Human activities are transforming landscapes at rates and scales unprecedented in history. These changes are particularly drastic in economically developing countries of the tropics, where major demographic and economic shifts are driving unparalleled rates of urbanisation. In many regions of Africa and Asia for instance, young urban centres are expanding in a rather informal way, often overlooking natural constraints from the environment, and ultimately drastically increasing the population exposed to natural hazards.

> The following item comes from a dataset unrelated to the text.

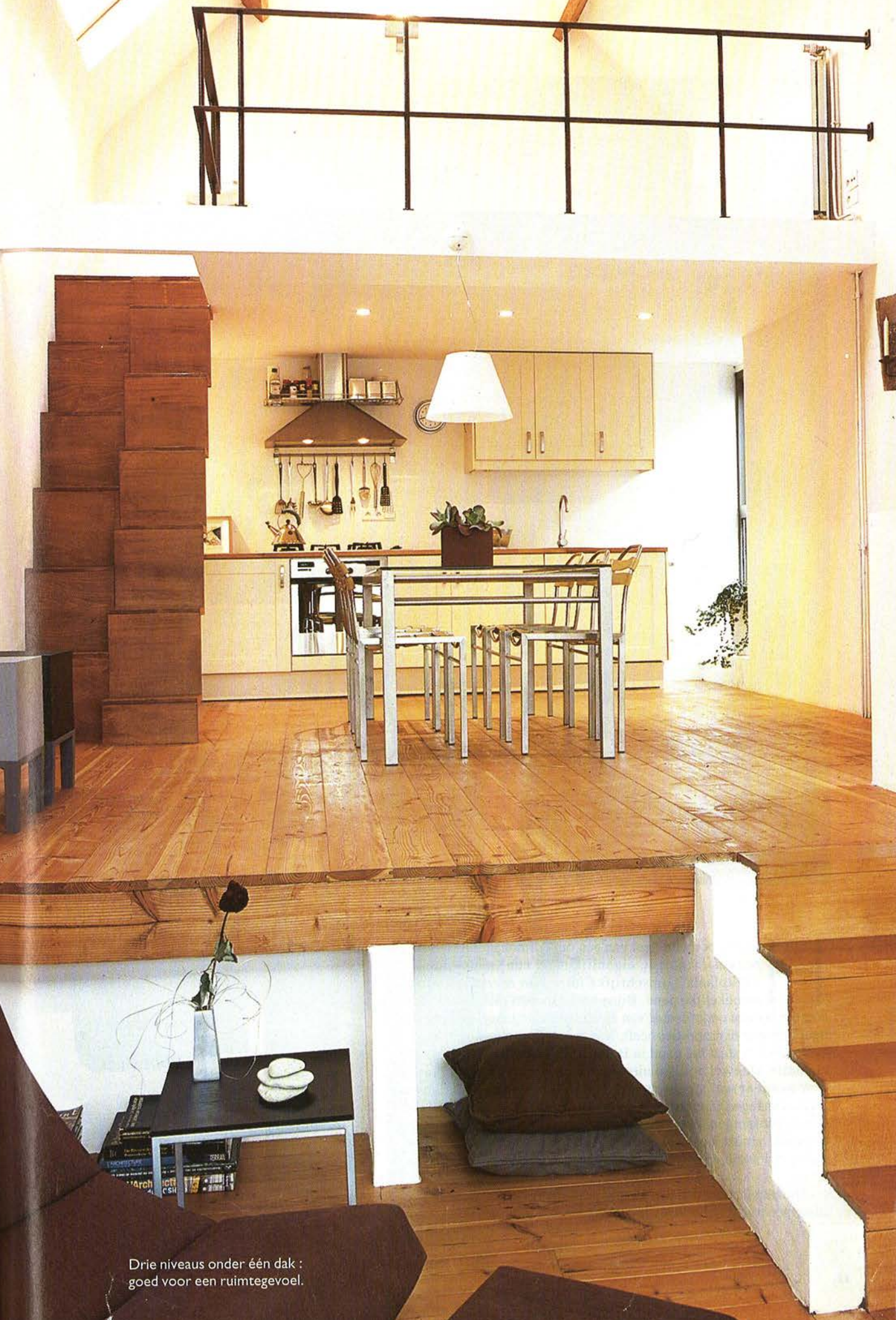
Drie niveaus onder één dak : goed voor een ruimtegevoel.

On urbanized hillslopes, dozens of lives are claimed annually by small but high-velocity landslides that may wipe out houses in seconds. But slower and larger – sometimes km² in extent – landslides can also be present, here acting as a more pervasive hazard by causing progressive destructions of houses and infrastructure on entire neighbours over decadal timescales. These slow-moving landslides typically show long-term motion characterised by the succession of periods of relative dormancy and acceleration in response to natural stress perturbations (for example, seasonal precipitation, droughts or earthquakes). For instance, we often observe higher landslide velocities (e.g., from a few centimetre to a few dozen of centimetre per year) during wet seasons and complete or partial stop during dryer months. Yet, these insights on slow-moving landslide behaviour are primarily based on study of landslides in natural environments – typically sited in high-income/high-latitude countries (e.g., the Alps). As a result, our overall understanding of how constraints on the landscapes typical for the tropics such as informal urbanisation affect landslide processes remains very limited.

Funu_1959_2018

The large landslide in Bukavu in 1959 (left) and 2018 (right). The yellow dotted line delineates landslide. The very steep scarp that delimits the upper part of the landside is 100 meter high. Left photo: © RMCA; right photo: © A. Dille RMCA

 

 

Large slow-moving landslides, natural processes that are sensitive to urbanization

In a new study, researchers from the Royal Museum for Central Africa (RMCA) quantify for the first time how progressive hillslope urbanization changes the dynamics of slow-moving landslides. To this end, they study the seasonal, annual and multi-decadal motion of a large slow-moving landslide located in the rapidly expanding city of Bukavu in eastern Democratic Republic of the Congo (DR Congo). Seen as a safe haven in a region where violent conflicts have forced thousands to move over the past decades, the city of Bukavu is exemplative of the many cities in the tropics facing rapid and informal growth. Here originally established along the flat shoreline of the southern tip of Lake Kivu, the city progressively expanded on the steep – and landslide-prone – slopes of the Kivu Rift. Today, about one-third of the city is built on large deep-seated landslides.

This research was conducted in the framework of the MODUS project, a STEREO-III project funded by the Belgian Federal Science Policy Office (BELSPO), and coordinated by the Royal Museum for Central Africa.